Extracted records START
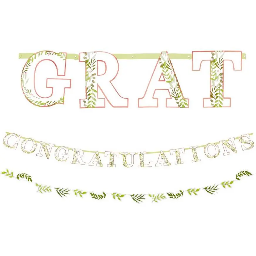 Wow bridal shower brunch guests when you welcome them using a Floral Greenery Jumbo Letter Banner with Mini Banner! The floral banner has jumbo cardstock cutouts of individual white letters covered in mini flowers and greenery which spell out “Congratulations.” The mini banner features cardboard cutouts of small green branches and leaves that are strung along a white ribbon. Host a special event for the bride and groom using these wedding decorations.
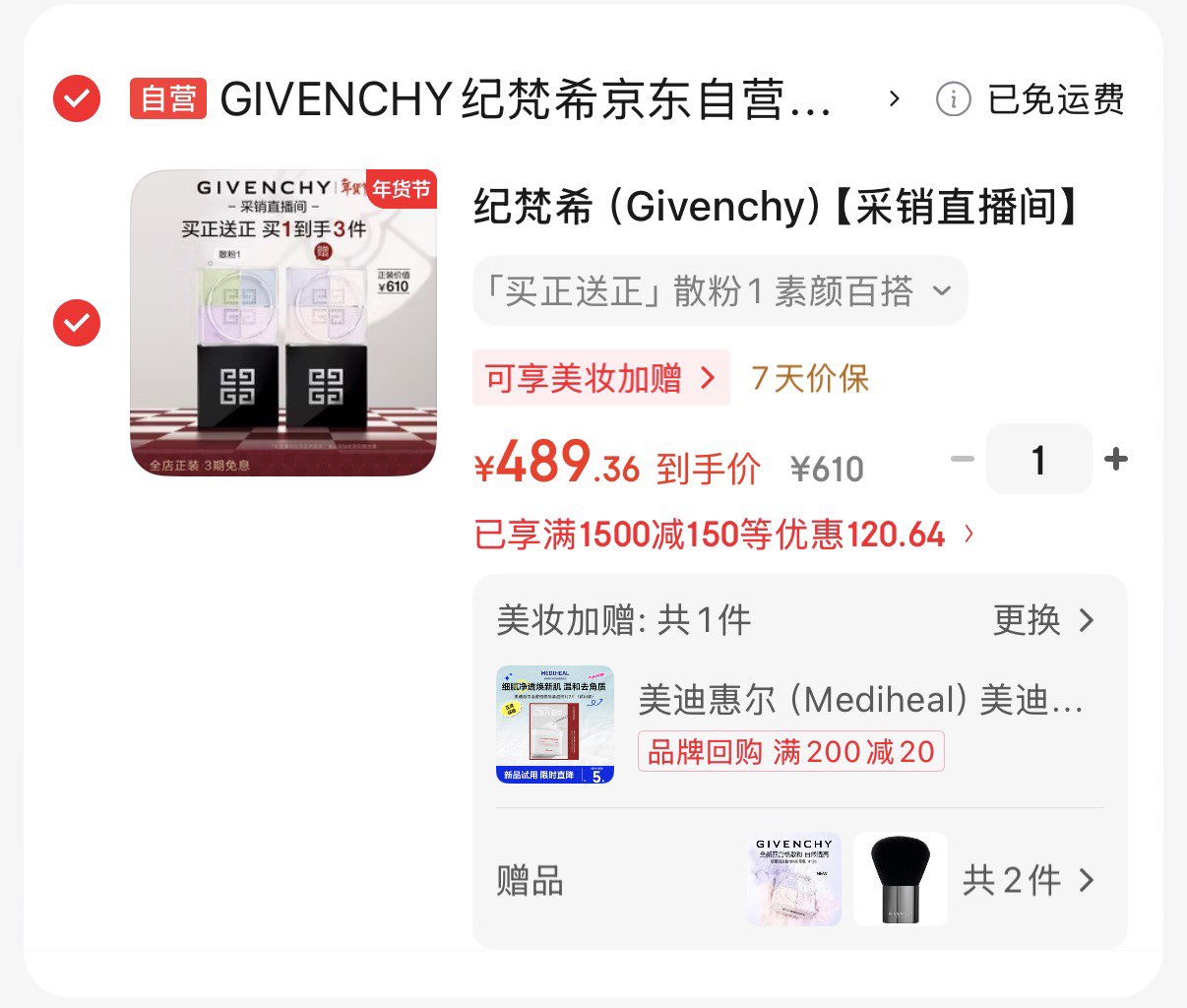 含赠到手2个正装 再赠散粉刷
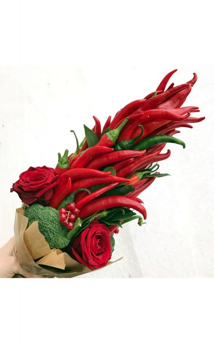 Уже два года дизайнеры, креативщики, чиновники, балерины и космонавты двух столиц дарят друг другу букеты из картошки, редиса, ежевики, кедровых шишек и перцев чили, а виноваты в этом настоящие букетные панки — мастерская овощной флористики «Очень хорошо» @ohorosho.
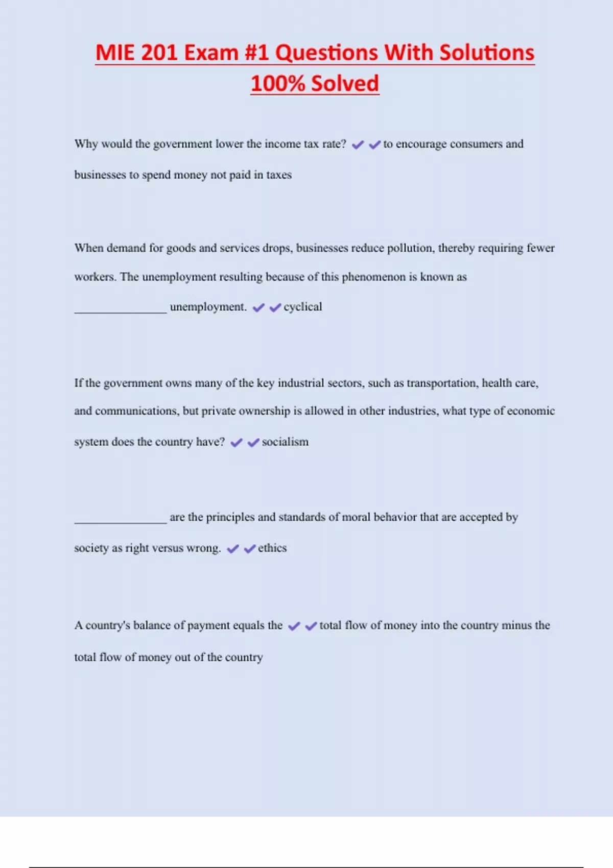 MIE 201 Exam #1 Questions With Solutions 100% Solved Why would the government lower the income tax rate? to encourage consumers and businesses to spend money not paid in taxes When demand for goods and services drops, businesses reduce pollution, thereby requiring fewer workers. The unemployment resulting because of this phenomenon is known as _______________ unemployment. cyclical If the government owns many of the key industrial sectors, such as transportation, health care, and communications, but private ownership is allowed in other industries, what type of economic system does the country have? socialism
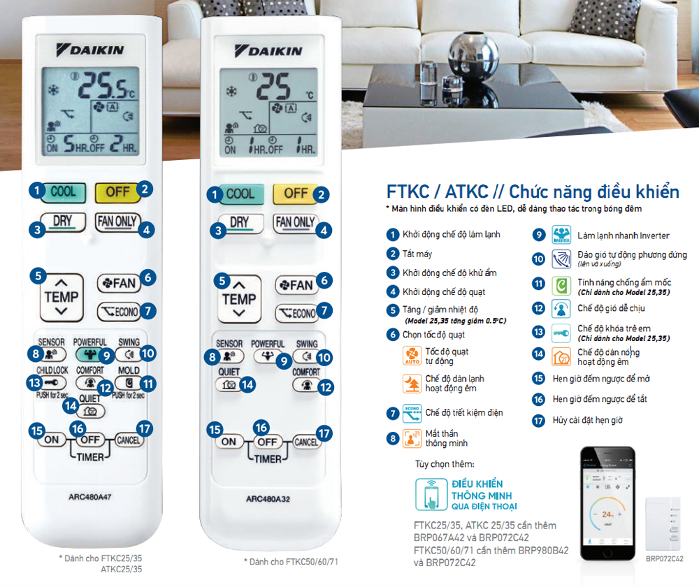 *Tính năng này có ở các dòng FTKM50/60/71, FTKC, ATKC
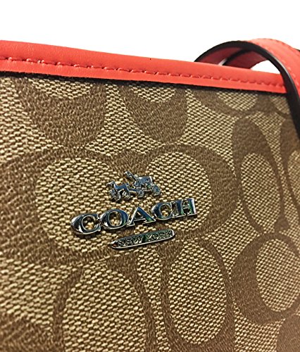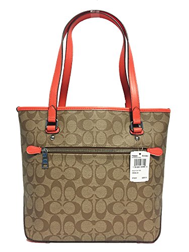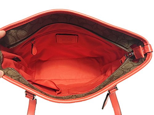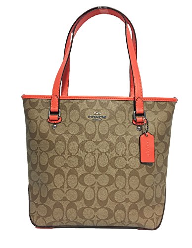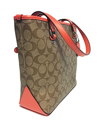 Coach Signature Zip Top Tote (Khaki/Bright Orange)
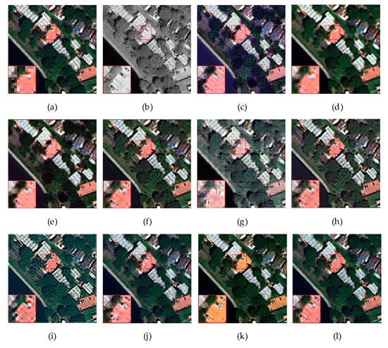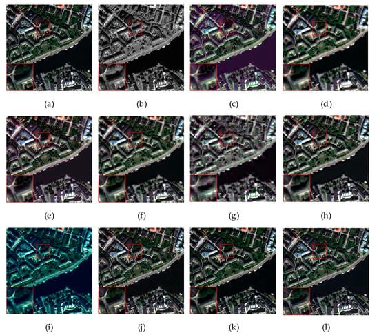 Figure 9 shows a set of fusion results on QuickBird satellite data with a dataset of 4-band images. Figure 9a,b show HRMS and PAN images with resolution, Figure 9c–i represent seven non-deep learning pan-sharpening methods, and Figure 9j–l represent deep learning methods.
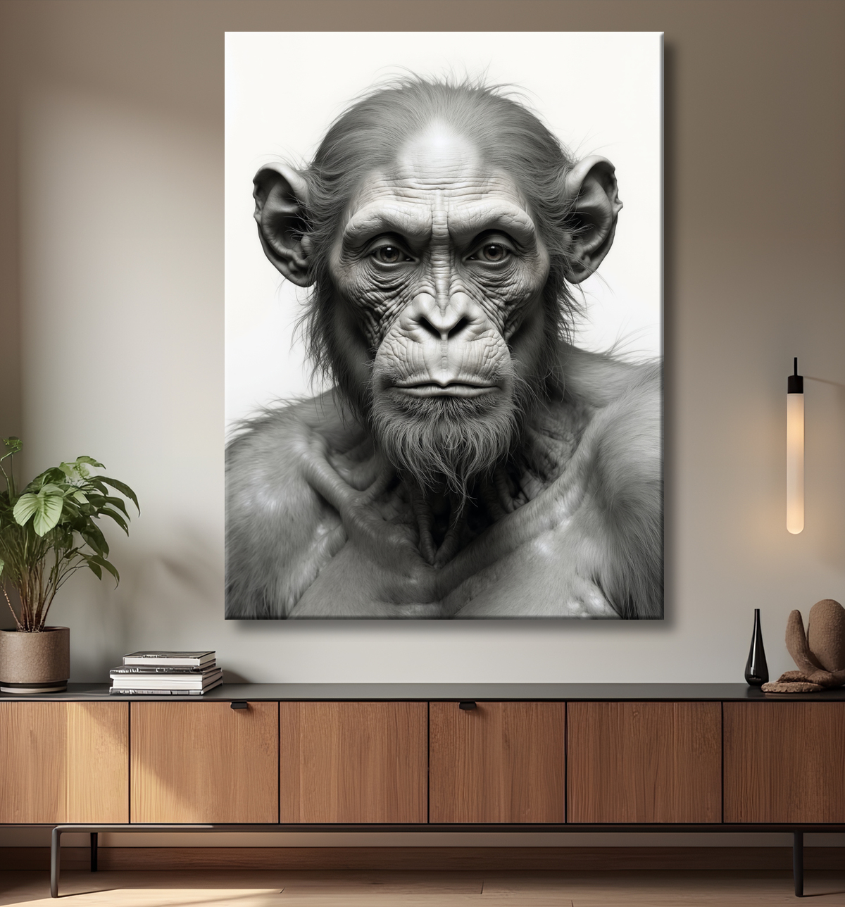 Ce tableau met en scène un chimpanzé photographié avec une finesse remarquable, sur fond blanc pur ou légèrement texturé. Chaque version explore une expression différente : curieuse, malicieuse, méditative… Ce jeu de variations rend l'œuvre profondément vivante. La sobriété du décor concentre l'attention sur les traits du singe, sa texture, son regard. Cette approche photographique en studio permet de créer un impact visuel fort tout en s'intégrant harmonieusement dans les espaces modernes. Ce portrait séduit autant pour son humour discret que pour sa puissance expressive, apportant une note de caractère tout en restant dans une ligne esthétique épurée.
Extracted records END
**Aim of the exercise:** Would you restate the records above word for word and exclude the pictures?

**Output below:**
 Wow bridal shower brunch guests when you welcome them using a Floral Greenery Jumbo Letter Banner with Mini Banner! The floral banner has jumbo cardstock cutouts of individual white letters covered in mini flowers and greenery which spell out “Congratulations.” The mini banner features cardboard cutouts of small green branches and leaves that are strung along a white ribbon. Host a special event for the bride and groom using these wedding decorations.
 含赠到手2个正装 再赠散粉刷
 Уже два года дизайнеры, креативщики, чиновники, балерины и космонавты двух столиц дарят друг другу букеты из картошки, редиса, ежевики, кедровых шишек и перцев чили, а виноваты в этом настоящие букетные панки — мастерская овощной флористики «Очень хорошо» @ohorosho.
 MIE 201 Exam #1 Questions With Solutions 100% Solved Why would the government lower the income tax rate? to encourage consumers and businesses to spend money not paid in taxes When demand for goods and services drops, businesses reduce pollution, thereby requiring fewer workers. The unemployment resulting because of this phenomenon is known as _______________ unemployment. cyclical If the government owns many of the key industrial sectors, such as transportation, health care, and communications, but private ownership is allowed in other industries, what type of economic system does the country have? socialism
 *Tính năng này có ở các dòng FTKM50/60/71, FTKC, ATKC
 Coach Signature Zip Top Tote (Khaki/Bright Orange)
 Figure 9 shows a set of fusion results on QuickBird satellite data with a dataset of 4-band images. Figure 9a,b show HRMS and PAN images with resolution, Figure 9c–i represent seven non-deep learning pan-sharpening methods, and Figure 9j–l represent deep learning methods.
 Ce tableau met en scène un chimpanzé photographié avec une finesse remarquable, sur fond blanc pur ou légèrement texturé. Chaque version explore une expression différente : curieuse, malicieuse, méditative… Ce jeu de variations rend l'œuvre profondément vivante. La sobriété du décor concentre l'attention sur les traits du singe, sa texture, son regard. Cette approche photographique en studio permet de créer un impact visuel fort tout en s'intégrant harmonieusement dans les espaces modernes. Ce portrait séduit autant pour son humour discret que pour sa puissance expressive, apportant une note de caractère tout en restant dans une ligne esthétique épurée.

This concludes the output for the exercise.